With Twitter now handling over 140m tweets and nearly 500k new members each and every day, it's not hard to see that this is going to be anything but a here-today-gone-tomorrow phenomenon.
So this brings me to the topic of what I want to talk about, i.e. where does Twitter go from here, and more specifically should the 140 characters be extended. I'm not talking to the likes of 5k characters or so, I just mean enough to make it more of a 'proper' sentence for people like me that like to write long-handed (speaking as someone that has used SMS text messages for many years and still writes 'because' as 'because' and not 'cuz')!
Of course I can see an argument for both sides, and for example the Plain English campaign say 75-100 characters is an optimum length for a sentence. Now I think that works great if you're writing many sentences in paragraphs, however, Twitter is not like that. In my experience I'm always trying to condense a paragraph into a sentence, and it usually takes me longer to think about / edit my tweet down, so I can get over what I want to say.

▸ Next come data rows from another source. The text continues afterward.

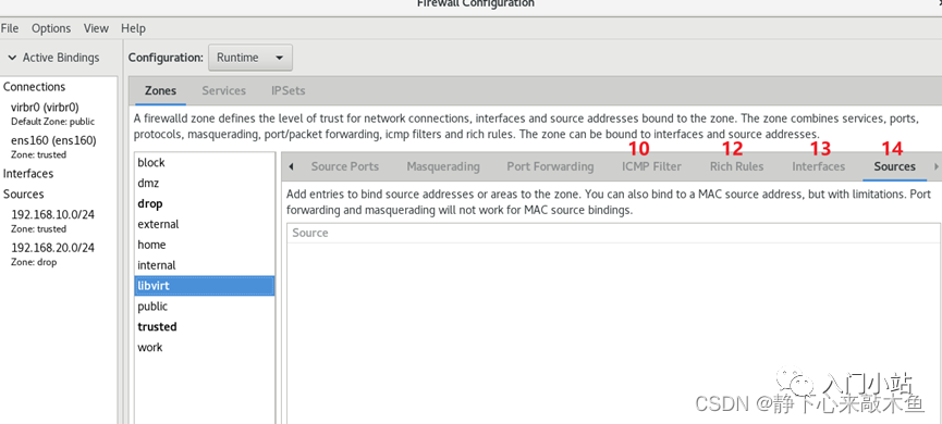 > firewall-cmd --zone=drop --add-source=192.168.20.0/24将此子网与 drop 区域绑定(拒绝从此子网发来的流量)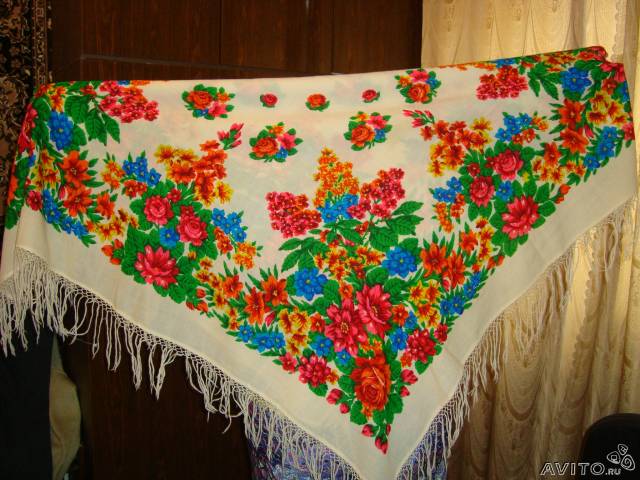 Платок "из закромов" 90-х годов. Размер 146, шерсть тоньше, чем у нынешних; бахрома с ячейками похожа на хлопковую, а может, это шерсть такая...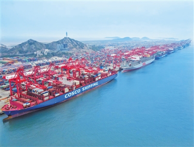 港口也是尺度的放大器。去年7月,全球最大的集装箱货轮“长益”号靠泊在洋山港二期码头,船长399.99米——几乎相当于4个足球场的长度,比目前全世界最大的航空母舰还要长67米,足以承载2.4万个标准集装箱。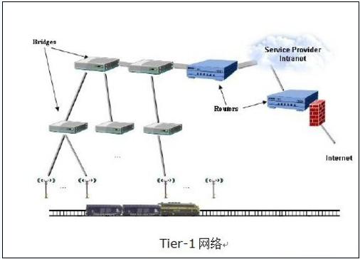 Tier-3网络提供802.11g的无线接入服务。该无线接入可以服务于列车乘客或者其他诸如视频监控和遥感设备的应用。应用流量通过无线mesh网络回程刀Tier-2网络,最终通过Tier-1网络传输回有线网络。
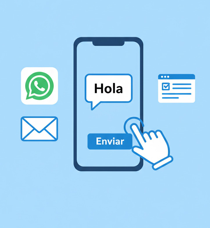 Estamos a un clic de distancia: Contáctanos en cualquier momento de la forma que prefieras: envíanos un email, escríbenos directamente por WhatsApp o completa nuestro formulario de contacto.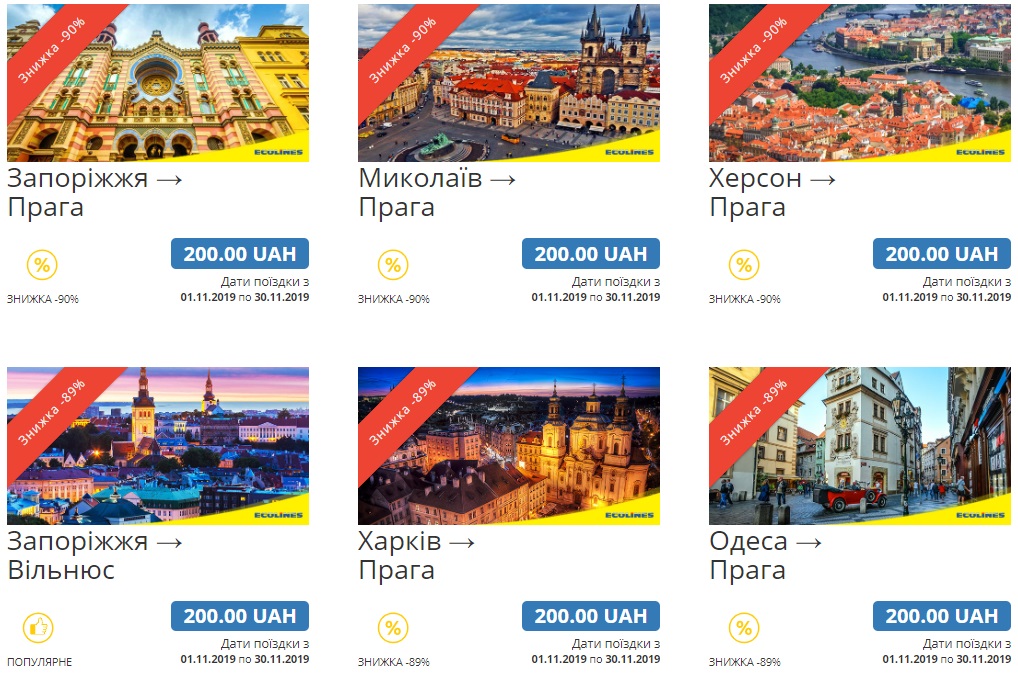 Автобусний перевізник Ecolines запустив новий розпродаж квитків на автобусні рейси з різних міст України до Польщі, Чехії та Литви за ₴200 в одну сторону.

It takes time and thought to write a successful tweet that other people will want to read, so with that in mind I've prepared my top 5 list for creating a quality condensed business tweet:
A successful business tweeter will always tweet about something new, fresh or interesting on their area of expertise. This should be your own informed and non-biased view on a topic, news or event within your industry.
2. never rush a tweet
Remember that this IS published content and people will read it, perhaps for many years to come. At a basic level it must be factually correct, and represent your brand / business in a positive light.
3. keep it business
If you're tweeting for business then keep it that way - perhaps have one account for business and one for personal use. A prospective customer may not want to know that you had a fly in your soup at lunchtime, or what time you got in after a night out on the town.

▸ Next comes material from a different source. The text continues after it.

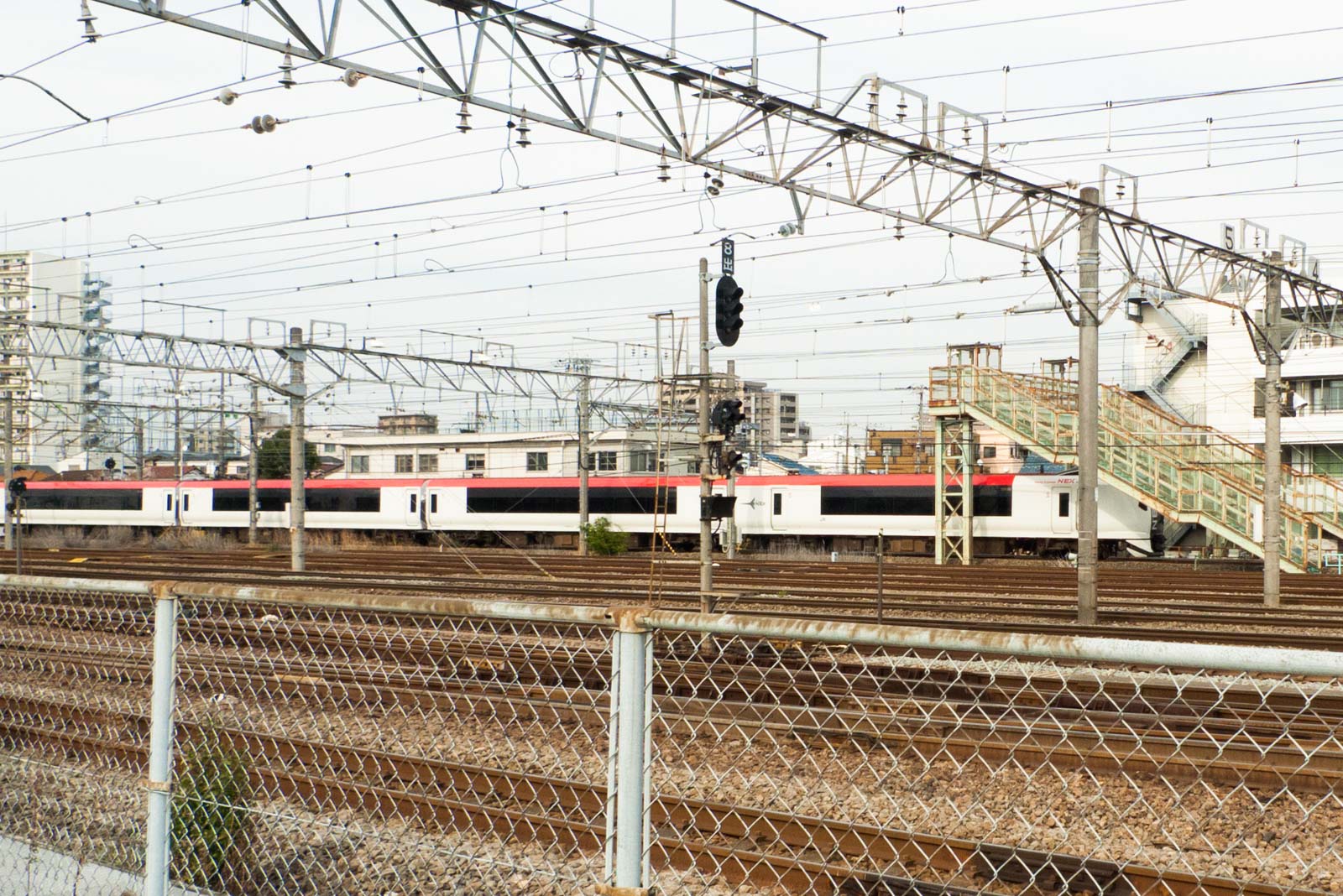 続いて、成田空港へ向かう特急「成田エクスプレス(N’EX)」が通過していきます。白と黒に赤いラインのデザインが印象的です。

There really is no excuse for bad spelling these days, and if you're not the best speller then acknowledge it and make sure you spell check first in another application, and then paste into Twitter. If you're going to use word shortening like that used within SMS messaging, then it's best to use the recognised standards. There are plenty of sites that have a glossary of terms.
5. appropriate linking
If you want to direct the tweet readers to a URL then make sure it's relevant to the topic and builds on the subject of your tweet - no one likes to be sent to a poor quality link with no original content.
Personally I think that by following these simple steps will increase the quality of your business tweets (within the 140 character limit constraints), and of course quality tweets will lead to more followers which is a good thing as it builds confidence with prospective customers that look at your Twitter account.
I'd love to know what you think about the 140 limit - perhaps I'm not alone in my potentially old fashioned ways.